**WHAT IS BEING ASKED:** For the data that follows, print the line with "Blending modern and", the line with "Traveller Perlenkette mit", and all lines between them, exactly as they stand. Omit pictures and add nothing.

**THE DATA:**
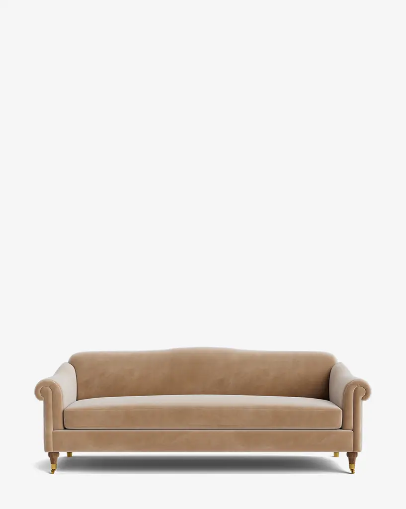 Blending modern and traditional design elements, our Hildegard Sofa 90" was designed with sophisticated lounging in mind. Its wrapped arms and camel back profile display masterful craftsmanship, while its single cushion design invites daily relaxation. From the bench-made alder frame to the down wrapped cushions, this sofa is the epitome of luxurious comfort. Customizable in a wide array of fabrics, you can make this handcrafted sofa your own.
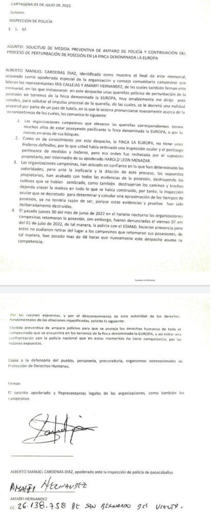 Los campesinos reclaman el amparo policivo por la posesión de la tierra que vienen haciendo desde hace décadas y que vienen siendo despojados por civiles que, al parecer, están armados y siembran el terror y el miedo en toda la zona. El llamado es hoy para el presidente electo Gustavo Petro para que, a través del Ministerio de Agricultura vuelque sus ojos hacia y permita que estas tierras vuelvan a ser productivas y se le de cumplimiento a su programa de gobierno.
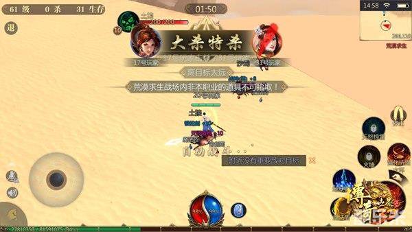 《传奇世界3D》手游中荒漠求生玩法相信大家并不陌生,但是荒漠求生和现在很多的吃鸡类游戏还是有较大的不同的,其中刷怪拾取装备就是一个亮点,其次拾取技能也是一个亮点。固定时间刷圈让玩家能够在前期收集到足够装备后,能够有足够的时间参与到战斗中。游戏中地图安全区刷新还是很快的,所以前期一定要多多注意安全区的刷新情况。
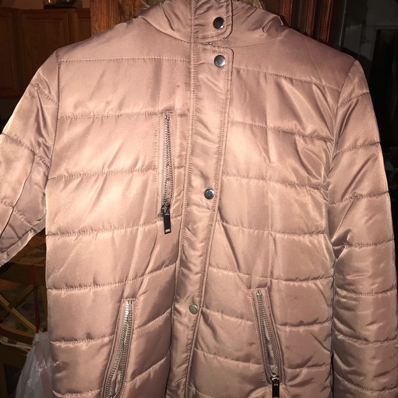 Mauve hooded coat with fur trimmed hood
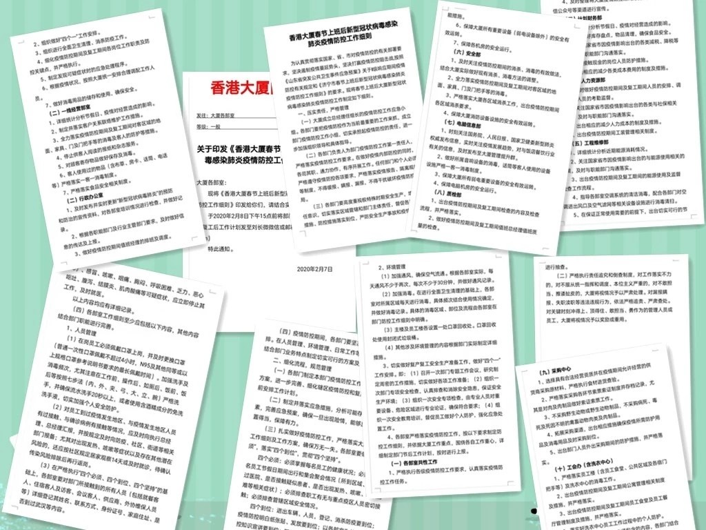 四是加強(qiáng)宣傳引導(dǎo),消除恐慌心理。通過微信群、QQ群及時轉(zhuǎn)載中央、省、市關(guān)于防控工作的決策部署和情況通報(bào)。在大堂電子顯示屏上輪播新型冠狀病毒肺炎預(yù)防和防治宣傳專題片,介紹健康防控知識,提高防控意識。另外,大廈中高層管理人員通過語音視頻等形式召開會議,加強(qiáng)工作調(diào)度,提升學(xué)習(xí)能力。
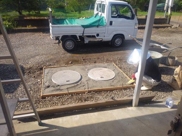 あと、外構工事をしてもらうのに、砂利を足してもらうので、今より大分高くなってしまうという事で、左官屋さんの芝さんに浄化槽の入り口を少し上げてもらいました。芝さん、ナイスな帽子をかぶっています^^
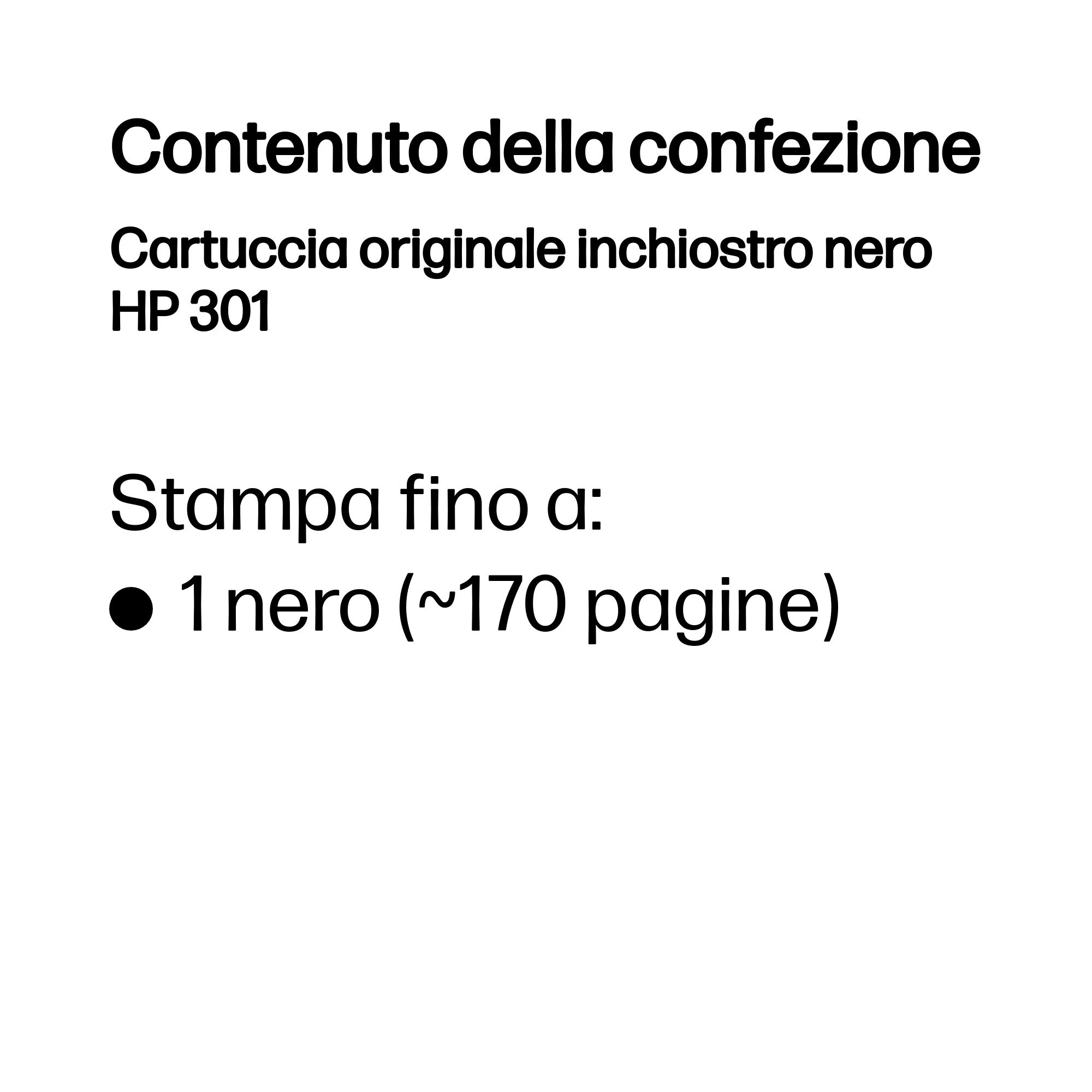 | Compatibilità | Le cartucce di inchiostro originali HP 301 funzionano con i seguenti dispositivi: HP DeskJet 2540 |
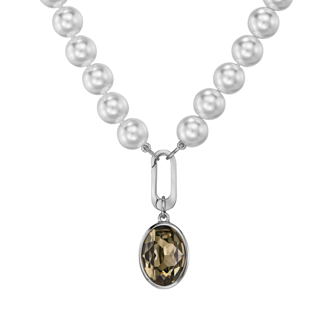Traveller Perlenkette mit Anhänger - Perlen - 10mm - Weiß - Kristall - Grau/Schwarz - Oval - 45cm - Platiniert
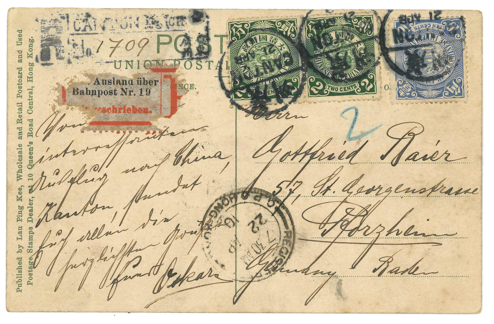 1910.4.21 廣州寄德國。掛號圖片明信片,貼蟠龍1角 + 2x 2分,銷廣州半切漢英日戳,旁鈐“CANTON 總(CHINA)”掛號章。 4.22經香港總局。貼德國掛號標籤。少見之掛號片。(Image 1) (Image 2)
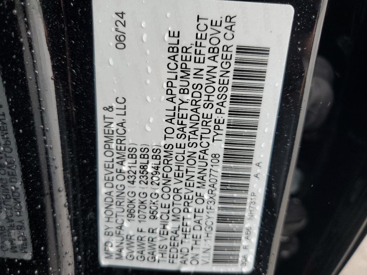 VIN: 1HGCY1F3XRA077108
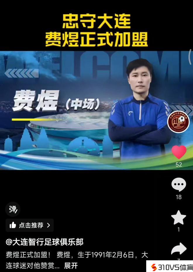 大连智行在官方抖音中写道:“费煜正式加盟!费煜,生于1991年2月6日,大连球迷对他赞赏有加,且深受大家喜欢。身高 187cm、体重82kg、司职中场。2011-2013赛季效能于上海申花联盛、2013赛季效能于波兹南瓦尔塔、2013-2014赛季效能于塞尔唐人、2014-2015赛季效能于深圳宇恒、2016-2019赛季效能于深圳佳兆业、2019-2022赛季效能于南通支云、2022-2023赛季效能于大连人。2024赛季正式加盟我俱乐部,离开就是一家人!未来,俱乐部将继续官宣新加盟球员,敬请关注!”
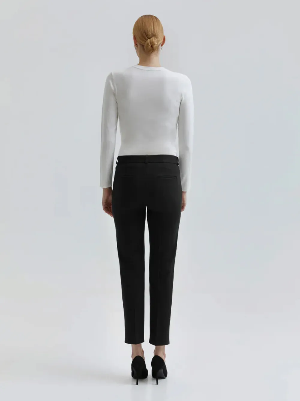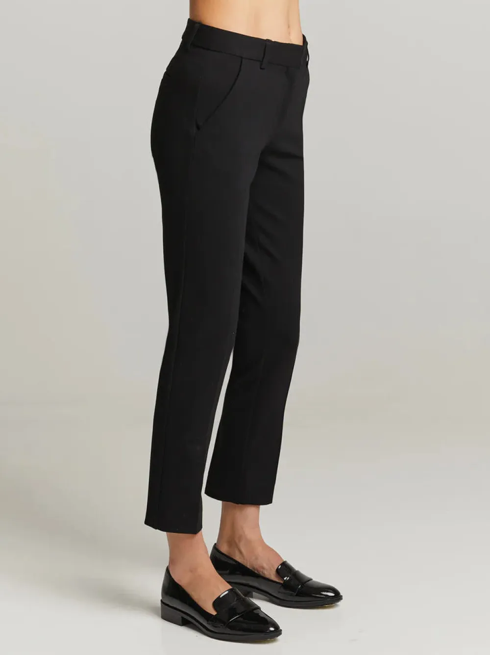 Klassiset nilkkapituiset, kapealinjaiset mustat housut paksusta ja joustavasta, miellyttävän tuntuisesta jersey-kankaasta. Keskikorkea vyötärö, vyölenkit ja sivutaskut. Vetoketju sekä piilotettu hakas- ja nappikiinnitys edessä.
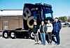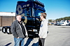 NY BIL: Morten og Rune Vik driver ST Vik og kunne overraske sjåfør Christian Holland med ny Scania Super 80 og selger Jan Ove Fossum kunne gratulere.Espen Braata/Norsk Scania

---

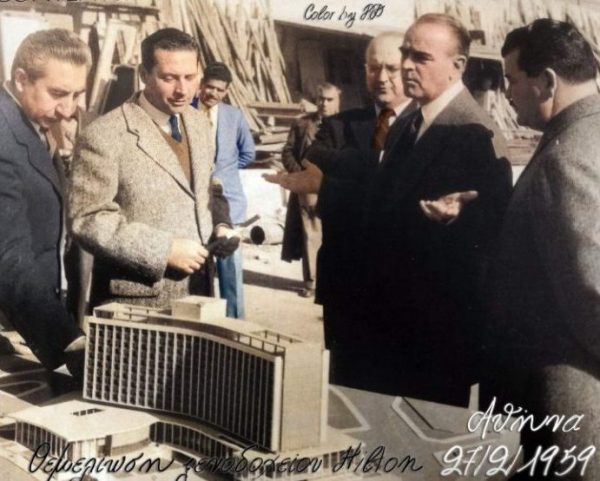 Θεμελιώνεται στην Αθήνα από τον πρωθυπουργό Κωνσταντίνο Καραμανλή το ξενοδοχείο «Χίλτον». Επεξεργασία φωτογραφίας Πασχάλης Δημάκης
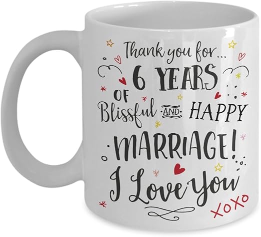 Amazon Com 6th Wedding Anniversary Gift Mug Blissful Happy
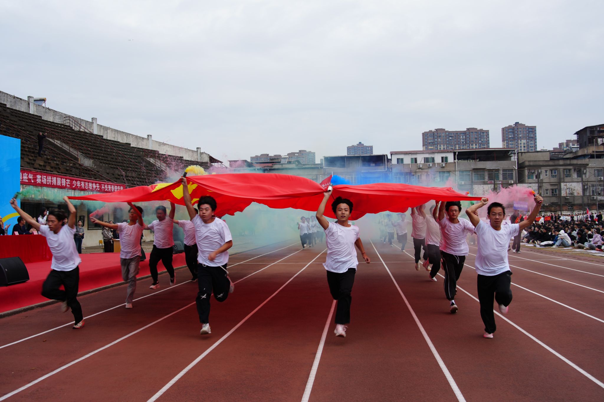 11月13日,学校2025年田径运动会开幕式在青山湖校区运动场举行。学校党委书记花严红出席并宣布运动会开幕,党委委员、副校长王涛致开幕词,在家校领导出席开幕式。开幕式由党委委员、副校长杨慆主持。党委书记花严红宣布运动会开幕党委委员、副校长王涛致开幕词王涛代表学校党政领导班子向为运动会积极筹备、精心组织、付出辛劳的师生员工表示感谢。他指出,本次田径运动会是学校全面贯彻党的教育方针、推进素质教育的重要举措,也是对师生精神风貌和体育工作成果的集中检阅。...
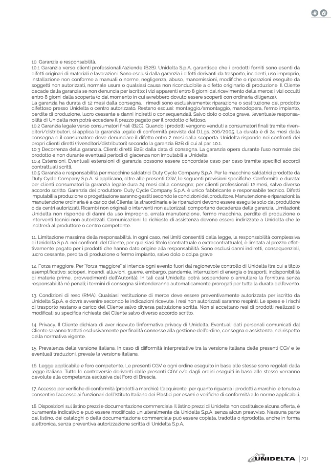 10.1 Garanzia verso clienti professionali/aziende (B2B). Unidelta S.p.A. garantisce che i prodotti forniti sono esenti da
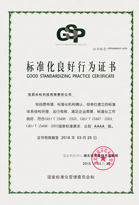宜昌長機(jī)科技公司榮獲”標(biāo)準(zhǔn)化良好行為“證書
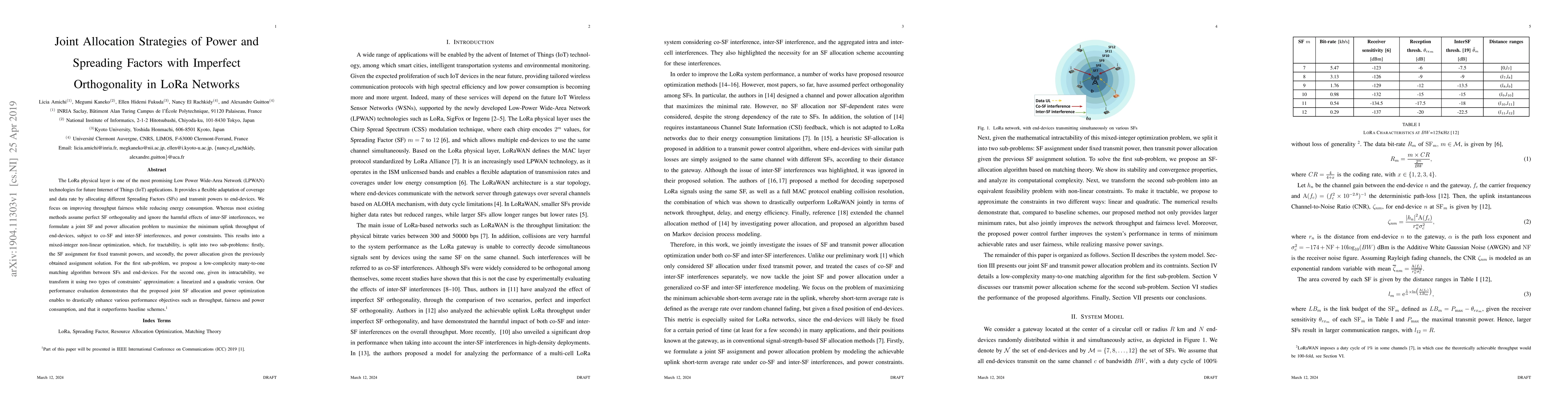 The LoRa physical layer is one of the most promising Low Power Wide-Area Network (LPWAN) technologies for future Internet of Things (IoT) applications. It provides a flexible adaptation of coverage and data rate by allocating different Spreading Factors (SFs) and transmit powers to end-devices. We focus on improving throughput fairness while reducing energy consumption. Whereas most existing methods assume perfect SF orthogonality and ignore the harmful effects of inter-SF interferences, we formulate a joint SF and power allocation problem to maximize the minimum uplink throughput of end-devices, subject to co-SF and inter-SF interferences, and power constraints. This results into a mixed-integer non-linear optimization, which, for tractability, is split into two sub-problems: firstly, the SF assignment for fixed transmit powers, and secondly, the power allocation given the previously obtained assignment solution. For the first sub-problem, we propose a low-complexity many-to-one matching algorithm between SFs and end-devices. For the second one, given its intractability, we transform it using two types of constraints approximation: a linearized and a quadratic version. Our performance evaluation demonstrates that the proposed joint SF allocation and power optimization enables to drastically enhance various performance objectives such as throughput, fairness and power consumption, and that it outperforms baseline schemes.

**SOLUTION:**
 Blending modern and traditional design elements, our Hildegard Sofa 90" was designed with sophisticated lounging in mind. Its wrapped arms and camel back profile display masterful craftsmanship, while its single cushion design invites daily relaxation. From the bench-made alder frame to the down wrapped cushions, this sofa is the epitome of luxurious comfort. Customizable in a wide array of fabrics, you can make this handcrafted sofa your own.
 Los campesinos reclaman el amparo policivo por la posesión de la tierra que vienen haciendo desde hace décadas y que vienen siendo despojados por civiles que, al parecer, están armados y siembran el terror y el miedo en toda la zona. El llamado es hoy para el presidente electo Gustavo Petro para que, a través del Ministerio de Agricultura vuelque sus ojos hacia y permita que estas tierras vuelvan a ser productivas y se le de cumplimiento a su programa de gobierno.
 《传奇世界3D》手游中荒漠求生玩法相信大家并不陌生,但是荒漠求生和现在很多的吃鸡类游戏还是有较大的不同的,其中刷怪拾取装备就是一个亮点,其次拾取技能也是一个亮点。固定时间刷圈让玩家能够在前期收集到足够装备后,能够有足够的时间参与到战斗中。游戏中地图安全区刷新还是很快的,所以前期一定要多多注意安全区的刷新情况。
 Mauve hooded coat with fur trimmed hood
 四是加強(qiáng)宣傳引導(dǎo),消除恐慌心理。通過微信群、QQ群及時轉(zhuǎn)載中央、省、市關(guān)于防控工作的決策部署和情況通報(bào)。在大堂電子顯示屏上輪播新型冠狀病毒肺炎預(yù)防和防治宣傳專題片,介紹健康防控知識,提高防控意識。另外,大廈中高層管理人員通過語音視頻等形式召開會議,加強(qiáng)工作調(diào)度,提升學(xué)習(xí)能力。
 あと、外構工事をしてもらうのに、砂利を足してもらうので、今より大分高くなってしまうという事で、左官屋さんの芝さんに浄化槽の入り口を少し上げてもらいました。芝さん、ナイスな帽子をかぶっています^^
 | Compatibilità | Le cartucce di inchiostro originali HP 301 funzionano con i seguenti dispositivi: HP DeskJet 2540 |
Traveller Perlenkette mit Anhänger - Perlen - 10mm - Weiß - Kristall - Grau/Schwarz - Oval - 45cm - Platiniert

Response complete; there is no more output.